Use Python as the programming language for the solution.

Use Google Colab Notebook to create and submit your solution.

You may use existing machine learning or deep learning libraries and frameworks.

Ensure compliance with data privacy regulations and handle sensitive information appropriately.

Validation:

Validate the performance of your model on the withheld "validation" data.

Assessment Criteria

Data Exploration/Visualization: Assessment on any data exploration and visualization techniques used to understand the data, identify patterns, and gain insights to make informed decisions about your modeling approach.

Model Overfitting/Underfitting Assessment: Compare RMSE between training and testing datasets. A large disparity suggests overfitting, while consistently low performance indicates underfitting.

Model Assessment Metric: Measure the overall performance of the model using RMSE to quantify how well the model makes predictions. Use training dataset to build the model and test dataset to perform testing on your side. Validation dataset would be used by Synapse Labs to assess how well your model performs. Please ensure that your code prints RMSE for training and test data.

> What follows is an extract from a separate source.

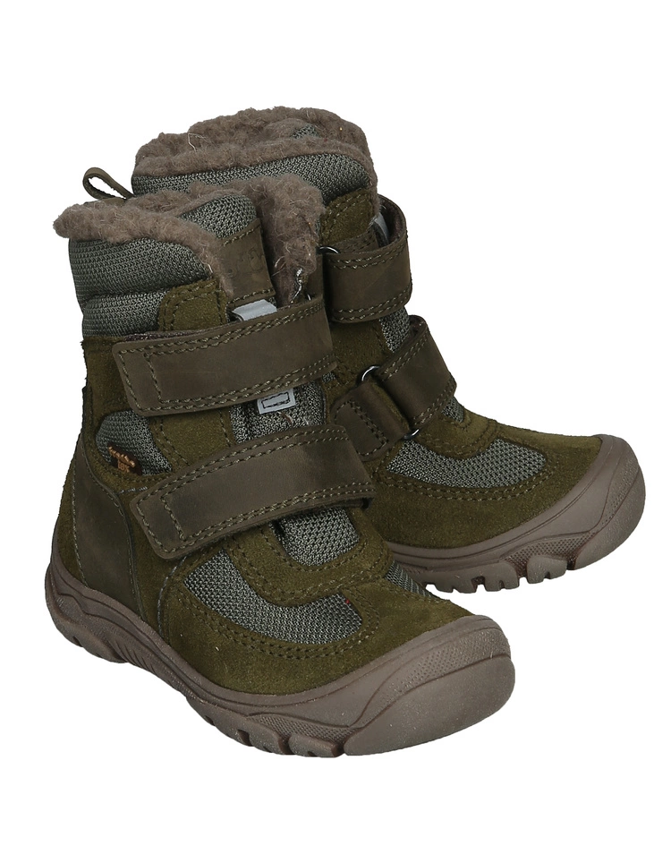 Mit den wasserfesten Klett-Boots LINZ WOOL HIGH in dark green von froddo® ist der Nachwuchs in der kalten Jahreszeit den ganzen Tag über komfortabel unterwegs. Die Lederschuhe sind mit Lammfell ausgekleidet, wobei sich das Innenmaterial sanft und wärmend an die Kinderfüße schmiegt. Für ein einfaches An- und Ausziehen lässt sich der Einstieg mithilfe von 2 Klettverschlüssen individuell in der Weite anpassen. Die flexible Außensohle besteht aus thermoplastischem Gummi und ist zudem mit einem leichten Profil versehen. Somit ist für ein unbeschwertes Laufen auf glatten und matschigen Böden gesorgt.
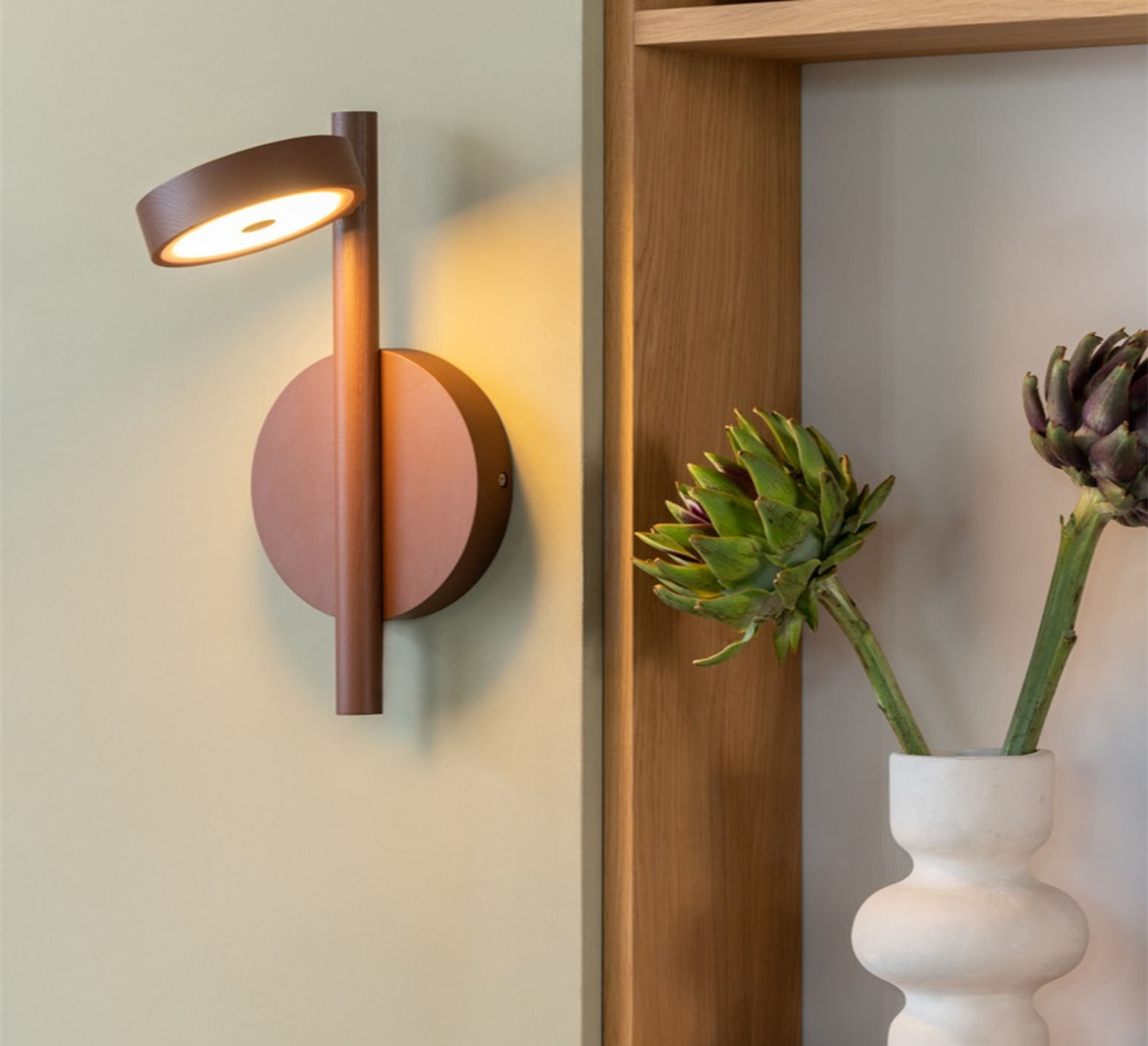 Made from brown ash, its cylindrical shape dresses the wall with elegance and sobriety. It's ideal for living rooms, bedheads or passageways, and combines easily with raw materials and warm palettes. Its balanced design radiates a soft, structuring decorative presence.

Model Explanations: Use techniques such as feature importance scores in tree-based models or coefficients in linear models to quantify the importance of each feature. Visualize these importances to provide a clear explanation.

Efficiency: Record the processing time taken on train, test and validation files.

Code Quality and Organization: Clarity, structure, and readability of the code.

Code Documentation: Detailed and clear documentation for each section of the code.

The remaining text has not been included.